François Ghebaly is proud to present Cassi Namoda’s You’ll be old too one day. Life isn’t always young and sweet., an exhibition of new paintings presented online with June Art Fair, in partnership with Hauser & Wirth and ArtReview, from August 20-31,2020. The exhibition will also be presented at the gallery in Los Angeles in person through September 20, 2020.

 

You’ll be old too one day. Life isn’t always young and sweet. The phrase floats on the curved back of a hot stream into the furls of the Borderland, where all things spill—limbs and guts and future. There are six faces of the tangerine moon in this terrain, and then a seventh: the moon in the miraculous fold of her middle age. Her with rays that stream in waves from a cap, who glimmers softly toward the center of her Andromeda. A birth: twin moons. Beginning and end, swaddled in mint dusk, bound by the gravity of fleshedness.

Namoda Eduardo in Matola Prepares Orange Pants 2020 CN 20.011

You’ll be old too one day.

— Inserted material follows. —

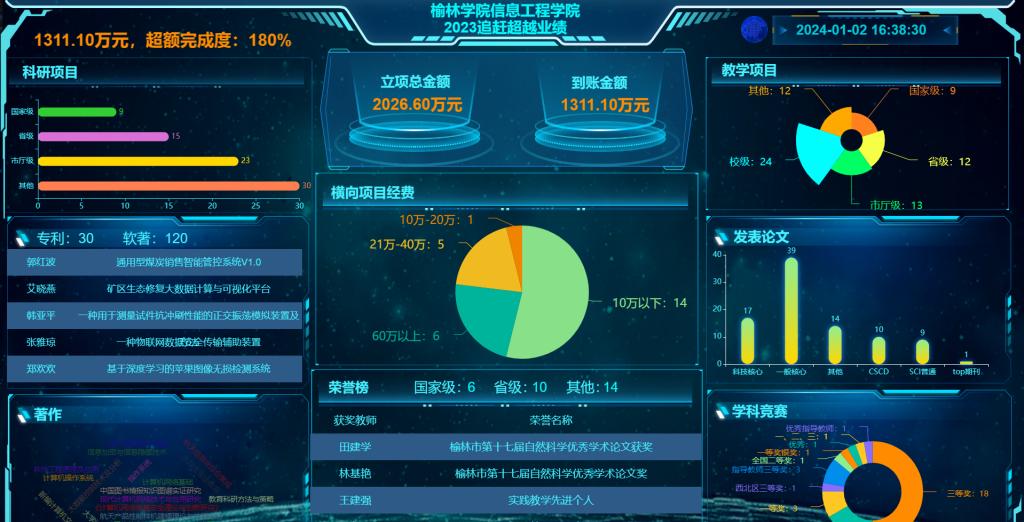 在2023年开发追赶超越业绩大数据分析系统和《个人追赶超业绩大数据库》,实时动态反映教职工在科研水平、教学能力、管理服务能力、综合表现以及对院校的贡献度,并作为职称评定、推优考核、评比表彰、岗位晋升、干部选拔、绩效分配的重要考核标准。

This is perhaps a story of our fertile ochre satellite. The moon, duly observed in the distant reaches of each tableau, whose light beams gently stamp the cosmic array of selves that inhabit the Borderland. Or perhaps these many selves are the Border—conjoined in flesh, traversed through time—unto whom the heavens cast fates and favors. At one meeting of two cassava fields, a figure walks the edge of passion’s awakening. He assumes a libidinous gesture beside shetani, an azure idol coaxed from distant folk heavens. Heavens whose corners too are bound by the moon.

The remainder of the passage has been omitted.